Ce qui rend toutes les justifications des Allemands incompréhensibles pour quiconque n'est pas Allemand c'est qu'elles partent toujours d'un état d'esprit diamétralement contraire aux sentiments modernes des peuples civilisés. Même entre eux, et même en dehors de la guerre, les Allemands ignorent ce qu'on appelle l'humanité, et commettent sans paraître en avoir conscience des actes dignes des sauvages primitifs. En voici un exemple significatif.

 

EN PAIX COMME EN GUERRE

Quand on reproche aux Allemands leurs cruautés, ils répondent régulièrement : « Que voulez-vous, c'est la guerre : Krieg ist Krieg. » Et leurs amis et défenseurs officieux n'oublient pas d'ajouter que si l'Allemand a la poigne un peu rude en temps de guerre, il n'a plus rien d'un barbare en temps de paix. Une fois les armes déposées, l'humanité reprend ses droits, la Kultur se rapproche de la civilisation, et l'Allemand applique ses qualités d'organisation aux œuvres d'assistance en temps de paix avec la même conscience qu'aux œuvres de mort en temps de guerre. Un petit fait, qui vient d'être découvert aux Etats-Unis, permet d'apprécier ce que vaut ce plaidoyer. Une enquête a révélé que dans un hospice allemand de vieillards, huit de ces malheureux avaient été supprimés par leurs infirmiers parce qu'ils étaient trop encombrants. Un des coupables a, d'ailleurs, avoué sa complicité, sans trop se faire prier : « Ces vieillards, a-t-il dit, étaient si âgés qu'ils étaient une calamité, et nous pensions qu'il était préférable de les délivrer de la vie. » C'était dans leur intérêt qu'on les endormait au chloroforme pour l'éternité.
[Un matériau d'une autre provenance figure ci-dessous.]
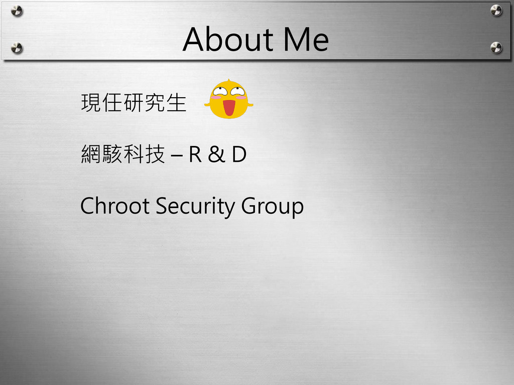 About Me 現任研究生 網駭科技 – R & D Chroot Security

On reconnaît ici la méthode scientifique d'outre-Rhin. C'est dans l'intérêt des pays envahis qu'on les détruit, on les détruit pour leur épargner les horreurs d'une guerre prolongée ; c'est de même dans l'intérêt des vieillards qu'on les assassine pour les débarrasser des misères de la vie. Et, dans les deux cas, l'opération s'accomplit par des moyens techniques dignes de la science allemande : bombes spécialement préparées pour les incendies, tubes de chloroforme chimiquement pur pour les meurtres. Il n'y a pas à s'étonner de l'affaire de l'hospice allemand. Ce serait une grande naïveté de croire qu'on peut impunément cultiver les instincts de brutalité, glorifier le triomphe de la force sur le droit, propager la morale du surhomme indifférent au sort des faibles, sans qu'il en résulte une perversion profonde du cœur et de l'esprit. Les sauvages appliquaient autrefois, sans faire tant de métaphysique, le système des infirmiers allemands, quand ils massacraient les vieillards incapables de se cramponner à l'arbre dont leurs fils chéris secouaient vigoureusement le tronc...

10 février 1915.

 

 

 



[1] On peut citer à ce sujet deux articles de la Reçue des Deux-Mondes qui furent l'objet d'une discussion à l'Académie des Sciences morales : Comment l'Alsace est devenue française, de M. Albert-Petit (1er mai 1915), et Les affinités françaises de l'Alsace, de M. Jacques Flach (1er juillet 1915).

[2] Le décret interdisant la vente de l'absinthe est du 15 août 1914.